# 105-Year-Old Virgin; World's Oldest Virgin!?



## iLurk (Oct 11, 2008)

Source: Dose



			
				Does said:
			
		

> *Sex a 'hassle,' says 105-year-old virgin*
> 
> Published: Friday, October 10, 2008
> 
> ...



Well, I've looked through many articles on this woman.

Some articles have some extra facts while some are missing some.

Anyways, here's what I found out.


In the 1900's, sex is only had when you're married
She decided not to have sex at the age of 12
She never had a boyfriend
She still remembers the sinking of the Titanic
She served in World War 2
She doesn't own a television, but own a radio
She farmed until she was in her high 90's
Sex was a hassel and was uninteresting to her

So yeah, no sex = longevity. Maybe. Or she's just lucky.

I seriously wonder how they confirm that... do doctors look at her wrinkly old 105 years of age vagina, flipping through all the droopy skin to check for her hymen?

Edit: Picture found.


----------



## HumanWine (Oct 11, 2008)

oh my God                     .


----------



## iLurk (Oct 11, 2008)

If anyone want more sources, ask.

There's like 20 articles on this women, and all have some random and unique facts.


----------



## Yakushi Kabuto (Oct 11, 2008)

Wow, she sure had an active life. And she had opportunity to have sex at 12 or was that just when she decided never to have it? Anyway, she can think what she wants, is her life, so it doesn't matter to me because she sounds fine with it.


----------



## Purgatory (Oct 11, 2008)

This is going to definitely make women have sex.


----------



## The Fireball Kid (Oct 11, 2008)

holy shit, that killed any chances of me getting a boner tonight.


----------



## iLurk (Oct 11, 2008)

Yakushi Kabuto said:


> Wow, she sure had an active life. And she had opportunity to have sex at 12 or was that just when she decided never to have it? Anyway, she can think what she wants, is her life, so it doesn't matter to me because she sounds fine with it.
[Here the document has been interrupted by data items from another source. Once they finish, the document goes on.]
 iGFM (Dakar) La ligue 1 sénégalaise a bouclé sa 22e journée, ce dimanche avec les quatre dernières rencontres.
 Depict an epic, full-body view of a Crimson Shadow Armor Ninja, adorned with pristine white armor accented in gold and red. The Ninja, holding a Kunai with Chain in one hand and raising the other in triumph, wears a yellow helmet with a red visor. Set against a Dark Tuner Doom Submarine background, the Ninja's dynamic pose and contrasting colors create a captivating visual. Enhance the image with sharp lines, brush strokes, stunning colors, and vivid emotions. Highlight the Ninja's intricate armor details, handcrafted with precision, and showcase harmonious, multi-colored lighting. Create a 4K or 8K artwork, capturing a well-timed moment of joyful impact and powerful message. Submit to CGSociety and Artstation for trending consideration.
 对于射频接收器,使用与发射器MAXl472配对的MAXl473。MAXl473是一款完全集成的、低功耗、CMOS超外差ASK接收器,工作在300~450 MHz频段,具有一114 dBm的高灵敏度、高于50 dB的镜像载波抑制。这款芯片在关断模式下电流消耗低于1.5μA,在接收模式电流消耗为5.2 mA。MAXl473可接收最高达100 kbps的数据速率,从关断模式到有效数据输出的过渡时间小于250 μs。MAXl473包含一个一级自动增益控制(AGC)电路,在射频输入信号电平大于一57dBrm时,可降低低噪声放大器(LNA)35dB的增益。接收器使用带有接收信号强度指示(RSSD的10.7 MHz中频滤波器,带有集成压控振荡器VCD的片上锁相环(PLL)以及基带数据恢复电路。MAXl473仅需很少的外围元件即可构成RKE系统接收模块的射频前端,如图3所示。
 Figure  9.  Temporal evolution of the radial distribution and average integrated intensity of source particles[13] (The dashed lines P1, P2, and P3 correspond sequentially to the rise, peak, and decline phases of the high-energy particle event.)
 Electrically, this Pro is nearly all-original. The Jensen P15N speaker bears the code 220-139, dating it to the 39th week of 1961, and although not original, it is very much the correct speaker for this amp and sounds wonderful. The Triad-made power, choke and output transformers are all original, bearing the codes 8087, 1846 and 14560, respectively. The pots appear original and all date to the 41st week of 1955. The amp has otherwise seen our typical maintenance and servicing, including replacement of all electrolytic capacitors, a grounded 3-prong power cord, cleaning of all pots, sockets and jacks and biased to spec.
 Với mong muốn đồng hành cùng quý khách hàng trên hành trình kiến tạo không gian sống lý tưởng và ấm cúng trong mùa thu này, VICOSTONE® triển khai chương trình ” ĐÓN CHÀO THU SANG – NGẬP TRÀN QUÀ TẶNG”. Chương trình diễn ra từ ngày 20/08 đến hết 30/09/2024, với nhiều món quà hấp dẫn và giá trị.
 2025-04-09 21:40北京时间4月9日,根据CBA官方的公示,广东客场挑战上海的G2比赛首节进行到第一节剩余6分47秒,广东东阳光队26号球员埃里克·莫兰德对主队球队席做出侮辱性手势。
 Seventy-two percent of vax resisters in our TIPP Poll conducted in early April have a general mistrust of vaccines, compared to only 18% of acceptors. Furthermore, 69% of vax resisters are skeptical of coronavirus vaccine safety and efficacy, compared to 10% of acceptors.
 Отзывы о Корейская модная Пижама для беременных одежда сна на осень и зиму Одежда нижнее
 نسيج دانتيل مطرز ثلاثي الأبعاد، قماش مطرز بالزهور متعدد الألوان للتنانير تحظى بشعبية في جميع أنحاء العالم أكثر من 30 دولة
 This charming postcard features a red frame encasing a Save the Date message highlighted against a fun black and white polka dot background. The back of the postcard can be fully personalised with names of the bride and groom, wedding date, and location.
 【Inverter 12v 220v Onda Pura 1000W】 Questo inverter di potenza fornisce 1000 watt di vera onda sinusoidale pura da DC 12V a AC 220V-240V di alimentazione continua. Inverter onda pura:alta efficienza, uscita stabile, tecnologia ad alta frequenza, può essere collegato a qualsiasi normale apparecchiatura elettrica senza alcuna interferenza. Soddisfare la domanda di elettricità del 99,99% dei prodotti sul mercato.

She decided not to have sex at the age of 12.

She didn't decline the offer of sex at 12.


----------



## Bender (Oct 11, 2008)

OMG..... 105 

Never 


Had


sex 

105 

Never had sex


God 

damn

To even think of that happening to you is the scariest thought in the world.


----------



## Robotkiller (Oct 11, 2008)

She'd think differently if It was me tending her fields.


----------



## iLurk (Oct 11, 2008)

Robotkiller said:


> She'd think differently if It was me tending her fields.



Well, it's still not too late to "tend her fields".

I mean, she's currently not getting any younger.

Go for it.

And video tape it.


----------



## Azure Flame Fright (Oct 11, 2008)

A virgin older than me, wow.


----------



## Denji (Oct 11, 2008)

Somebody lied to her. It's not the sex that's the hassle. It's everything else that comes with it.


----------



## Rattan (Oct 11, 2008)

Hopefuly she's well guarded. A lot of sickos out there.

Rather than celibacy it seems her being physically active as well as a good diet (as she grew her own food) helped contribute to her long lifespan. 

Unfortunate she never got interested in the opposite sex enough to become involved with someone. Guess not getting tied down with a spouse helped her do so much.

I wonder if something happened at 12 that made her not want to have sex and shes just too old to remember. Ya never know.


----------



## Purgatory (Oct 11, 2008)

I hope to God I'm not 105 and still haven't had my meat put into a girl's pipe.


----------



## Rattan (Oct 12, 2008)

If it ever seems like its getting late, there is always Vegas.

Not that i care, but you think she was a virgin in the sense that nothing ever went on down there or just she never had sex with men. Probably religious enough for the former to be right.


----------



## lucky (Oct 12, 2008)

i'd pop her cherry.


----------



## Vanity (Oct 12, 2008)

Well it was obviously her choice since she says she was never interested in it.

Now she's probably too old to have sex.

Personally, I think she's missing out....but then again, I'm still a virgin too. I'm 24 though and definitly plan to eventually have sex. I've done other sexual acts so far and definitly enjoyed them. I won't give up my virginity that easily but I do think people who never do anything sexually are missing out.


----------



## Mider T (Oct 12, 2008)

Bitch probably hit menopause before any of us were born, so why should we care?



Kyasurin Yakuto said:


> Well it was obviously her choice since she says she was never interested in it.
> 
> Now she's probably too old to have sex.
> 
> Personally, I think she's missing out....but then again, I'm still a virgin too. I'm 24 though and definitly plan to eventually have sex. I've done other sexual acts so far and definitly enjoyed them. I won't give up my virginity that easily but I do think people who never do anything sexually are missing out.



I think you need to get on the ball or rather....balls


----------



## BladeofTheChad (Oct 12, 2008)

You know, I'm a virgin, 21, and while I like to jerk off to women masturbating, having sex, etc. I don't  have the slightest urge to go out with a girl or fuck them. Before anyone says I'm gay and what not, I don't want to fuck men either. 

I guess I'm just a bad person.


----------



## Mider T (Oct 12, 2008)

Or gay.

I went there.


----------



## BladeofTheChad (Oct 12, 2008)

Thanks for being stupid. I think gay people enjoy fucking too.


----------



## Vandal Savage (Oct 12, 2008)

Fuck, that picture made it so I won't be interested in anything tonight. 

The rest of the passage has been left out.